On Wed, Dec 21, 2011 at 2:49 PM, Jed Rothwell <jedrothw...@gmail.com> wrote:

> Giovanni Santostasi <gsantost...@gmail.com> wrote:
>
>> Until LENR is something that every amateur enthusiast can reproduce and
>> post on youtube, it will remain in the realm of pseudoscience.
>>
>
> That will never happen. But tell me something. As you know, amateur
> enthusiasts are not capable of reproducing the top quark, or cloning a
> mammal, or performing open-heart surgery. Amateur enthusiasts cannot launch
> robotic probes to Mars. They cannot build tokamak plasma fusion reactors.
> There are thousands of other experiments and procedures they cannot do. Do
> you say these are all in the realm of pseudoscience?
>
>
>
That statement didn't look like a general statement to me. Phenomena are
not all alike. If someone claims that wearing a certain glove allows anyone
to golf like Tiger Woods, then anyone should be able to test it. On the
other hand, walking on the moon requires expensive rockets.

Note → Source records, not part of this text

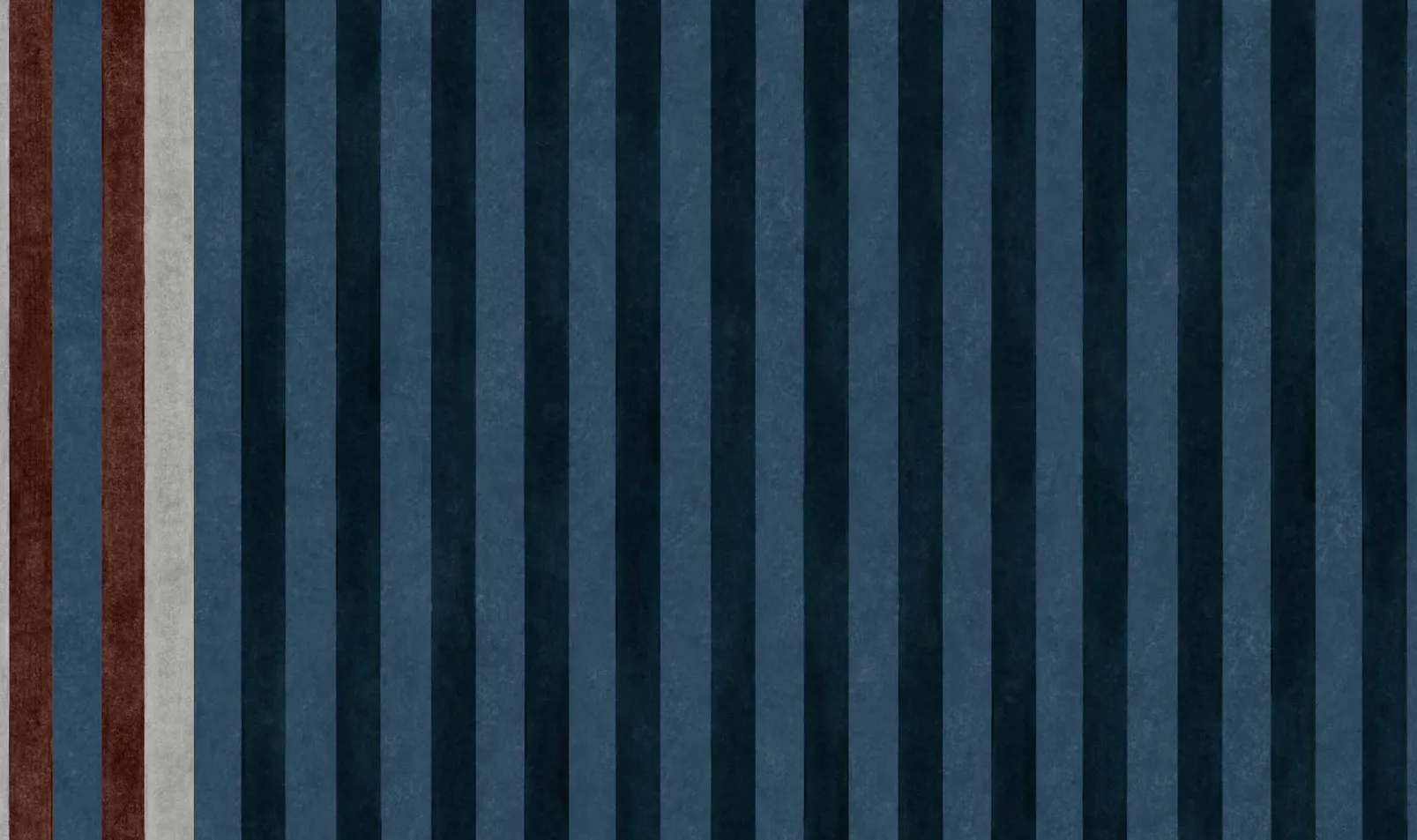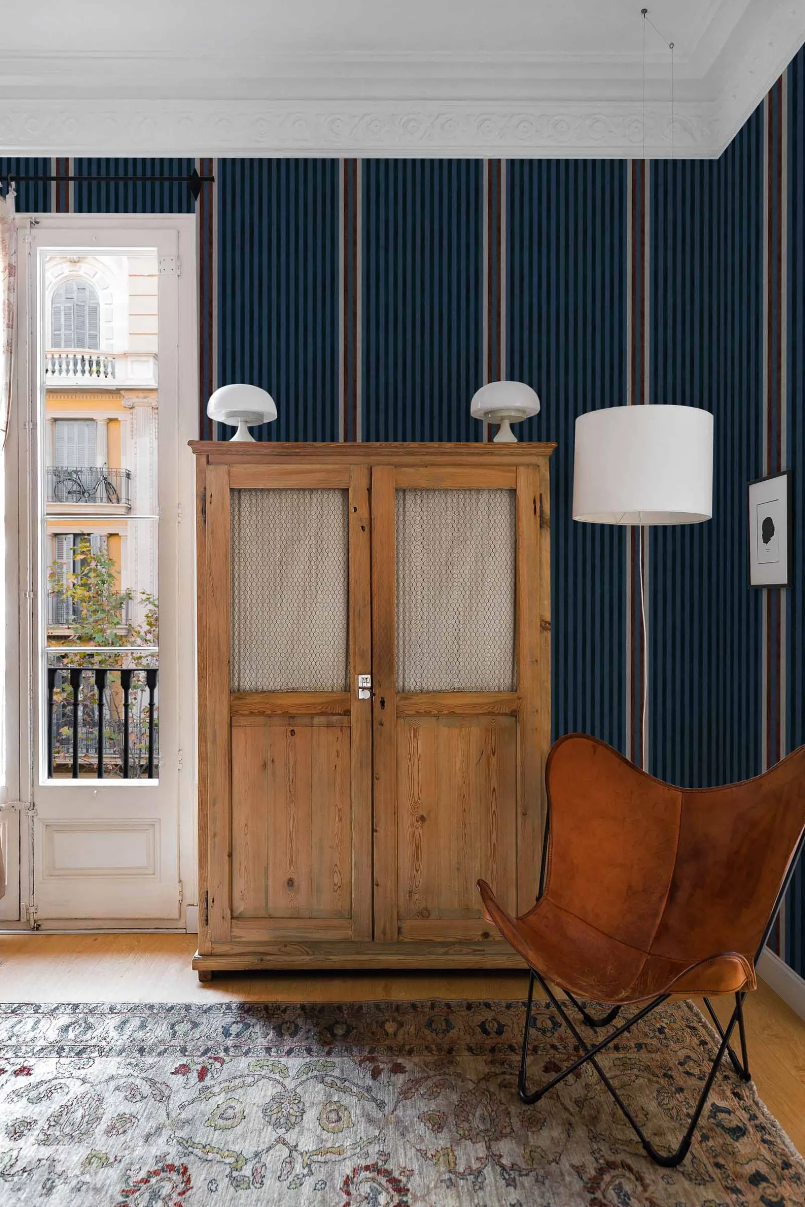 Luz y Sombra Avio de Coordonn es un papel pintado inspirado en las rayas en tonos azules/marinos. La valla de hierro se proyecta sobre el suelo con luces y sombras.
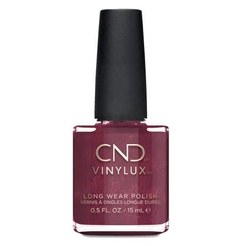 Βερνίκι Vinylux Masquerade 130 σε σκούρα μπορντό απόχρωση, με μια ελαφριά μεταλλική λάμψη.
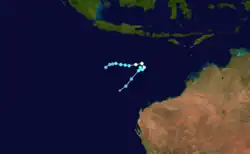 Tropical Cyclone Nicholas originated from a broad area of low pressure associated with a monsoonal trough south of Sumatra on November 25. It tracked south and gradually organized itself and became a tropical cyclone early on November 29. It then began to move east and passed through major shipping routes near Christmas Island, though none of the ships record any extensive winds from the nearby cyclone. Nicholas, while remaining a small system, continued to intensify and by December 3 reached a peak intensity as a category four cyclone with winds of 115 mph (185 km/h) 10-min sustained and a pressure of 945 hPa. Afterwards the cyclone turned almost directly south and gradually weakened. On December 7 the Nicholas's convection began to wane and the system had fully dissipated by that evening.[1]
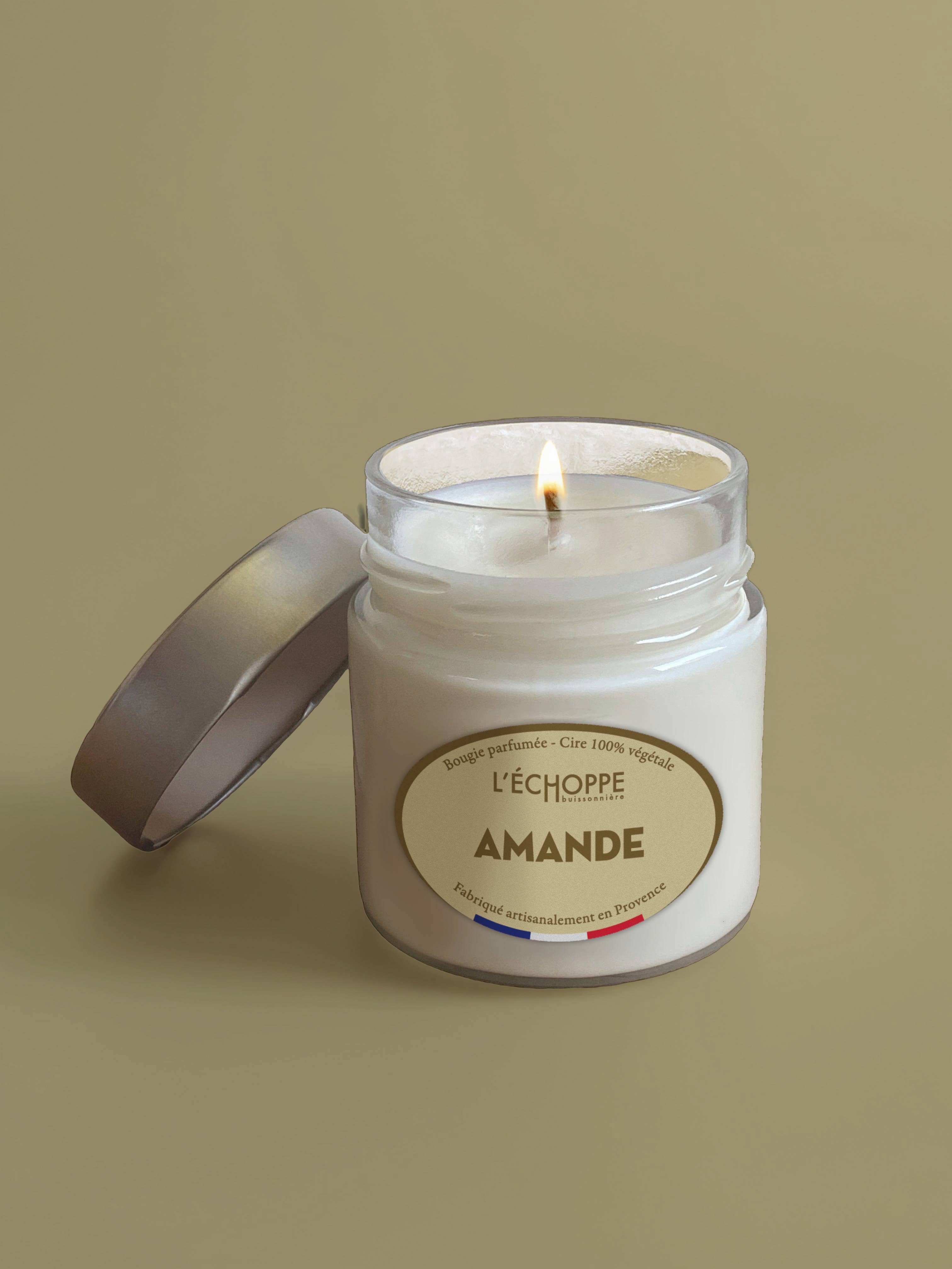 ROUND GLASS JAR + METAL LID Scented candle 100% vegetable soy wax Cotton wick Burn time: 45 h Net weight: 180g Grasse fragrance Handmade in France Succumb to the nostalgia of funfairs with the Chouchou candle, with a scent of warm praline and caramelized sugar. A true return to childhood that evokes crispy nuts coated in golden sugar. Perfect for a festive and sweet atmosphere.

Not everyone is Julia Child, but just about anyone can cook her beef
bourguignon by following her recipe. And absolutely anyone can get a high
Tc superconductor, some liquid nitrogen, and a magnet, and demonstrate the
Meissner effect with levitation.

Cold fusion is a simple experiment, and anyone should be able to follow the
recipe, even if not from scratch. If the material is tricky, get it from
someone who claims to be able to make it reproducibly.

In the case of cold fusion, with the scale and simplicity of the
experiment, the fact that it can't be done by just about anybody really
does put it in the realm of pseudoscience. That criterion doesn't apply to
large-scale science, like the top quark or plasma fusion.